ВЕЧНОЕ ДЕТСТВО: ВЫБОР СУДЬБЫ

За то, что дым сравнил с Лаокооном,

Кладбищенский воспел чертополох,

За то, что мир наполнил новым звоном

В пространстве новом отраженных строф,

Он награжден каким-то вечным детством,

Той щедростью и зоркостью светил,

И вся земля была его наследством,

А он ее со всеми разделил.

(«Поэт», 19 января 1936)

Стихи А. А. Ахматовой называются «Поэт», но имеют в виду не обобщенный образ, а вполне конкретного ее современника. Ахматова отмечает необычность, смелость тропов (сравнение дыма с Лаокооном), оригинальную интонацию стиха (новый звон) и связывает их с личностью поэта (вечное детство). В быту такое свойство называют инфантильностью и оценивают отрицательно. Но для Поэта оно было принципиальным и звучало совсем в ином контексте. «Все мы стали людьми лишь в той мере, в какой людей любили и имели случай любить. <…> Любить самоотверженно и беззаветно, с силой, равной квадрату дистанции, – дело наших сердец, пока мы дети» («Охранная грамота», ч. 1, гл. 2, 1931).

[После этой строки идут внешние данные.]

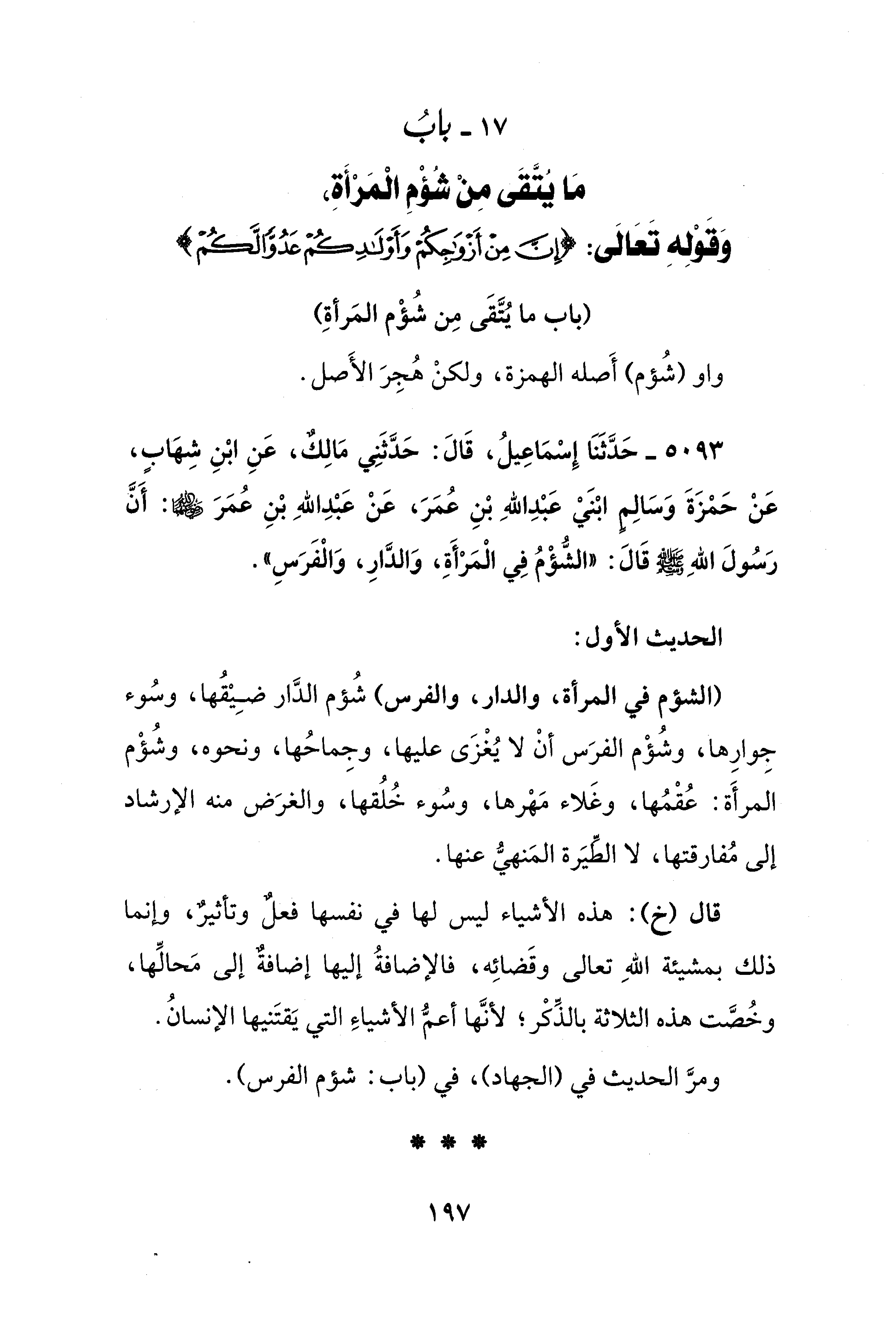 5093 - حَدَّثَنَا إِسْمَاعِيلُ، قَالَ: حَدَّثَنِي مَالِكٌ، عَنِ ابْنِ شِهَابٍ، عَنْ حَمْزَةَ وَسَالِم ابْنَيْ عَبْدِ اللهِ بْنِ عُمَرَ، عَنْ عَبْدِ اللهِ بْنِ عُمَرَ - رضي الله عنهما -: أَنَّ رَسُولَ اللهِ - صلى الله عليه وسلم - قَالَ: "الشُّؤْمُ في الْمَرْأَةِ، وَالدَّارِ، وَالْفَرَسِ".

Он был награжден вечным детством, чтобы стать поэтом.

Борис Леонидович Пастернак родился 29 января (10 февраля) 1890 года в Москве в семье художника Л. О. Пастернака. Отец Пастернака был близко связан с передвижниками, преподавал в Академии художеств, занимался не только живописью, но и рисунком, книжной графикой. Наиболее известной его работой стали иллюстрации к роману Л. Н. Толстого «Воскресение», во время работы над которыми художник часто встречался с писателем. В «автобиографическом очерке», подводящем жизненные итоги, Пастернак вспоминал ночь, когда он вдруг проснулся «от сладкой и щемящей муки», закричал и заплакал «от тоски и страха», был вынесен матерью из детской в гостиную и увидел там старика, образ которого потом «прошел через всю мою жизнь».

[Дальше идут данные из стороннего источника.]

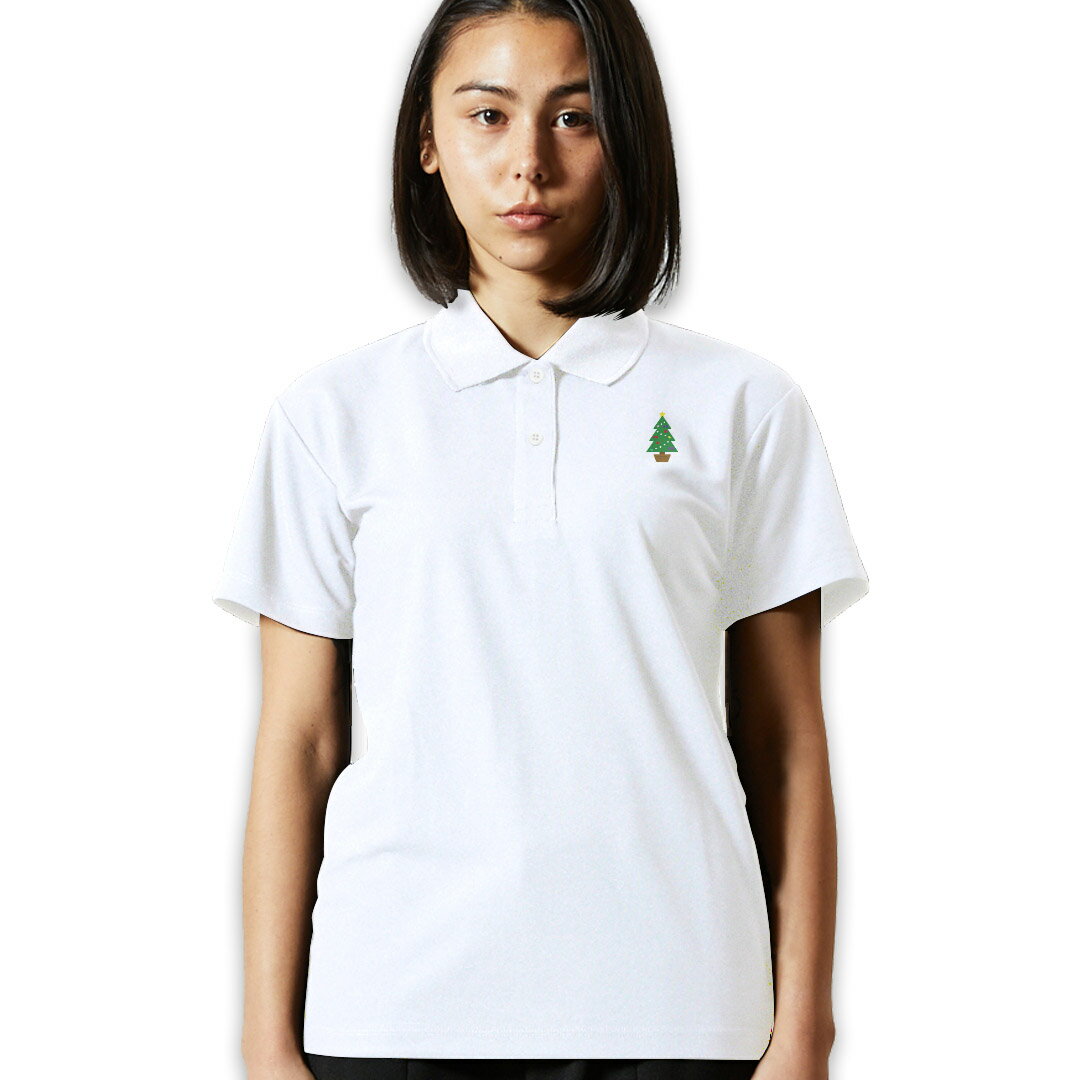 選べる4カラー レディース 女性 ウーマン ドライポロシャツ 鹿の子 メンズ 半袖 ホワイト グレー ライトブルー ベビーピンク ワンポイントデザイン Polo shirt シワが付きにくい 乾きやすい M L 017666 クリスマス ツリー クリスマス カラフル

«Эта ночь, – заключает Пастернак, – межевою вехой пролегла между беспамятством младенчества и моим дальнейшим детством. С нее пришла в действие моя память и заработало сознание, отныне без больших перерывов и провалов, как у взрослого» («Люди и положения», гл. «Младенчество», 1956–1957).

Реальная сцена приобретает в изложении поэта символический характер. У кроватки четырехлетнего ребенка оказались не только родители, но и Л. Толстой. «Боренька знал, когда проснуться», – любовно-иронически комментировала этот эпизод А. А. Ахматова.

В насыщенной культурным кислородом атмосфере обращение к творческой профессии было неизбежно. Но ее поиск и выбор оказался для Пастернака довольно долгим и мучительным, внешне – движением от одной случайности к другой.

Естественно, он с детства много рисовал, к чему отец относился спокойно, не мешая сыну, но и особенно не поддерживая его: «Если человеку дано быть художником, его хоть палкой бей, а он им станет».

В 1903 году дачным соседом семейства Пастернаков оказалась еще одна знаменитость, композитор-модернист А. Н. Скрябин (1871/72 – 1915), который во время частых прогулок «спорил с отцом о жизни, об искусстве, о добре и зле, нападал на Толстого, проповедовал сверхчеловечество, аморализм, ницшеанство». Новый кумир заслонил прежние привязанности. «Мне было двенадцать лет. Половины их споров я не понимал. Но Скрябин покорял меня свежестью своего духа. Я любил его до безумия. <…> Под влиянием обожания, которое я питал к Скрябину, тяга к импровизациям и сочинительству разгорелась у меня до страсти. <…> Никто не сомневался в моей будущности. Судьба моя была решена, путь правильно избран. Меня прочили в музыканты…» («Люди и положения», гл. «Скрябин»).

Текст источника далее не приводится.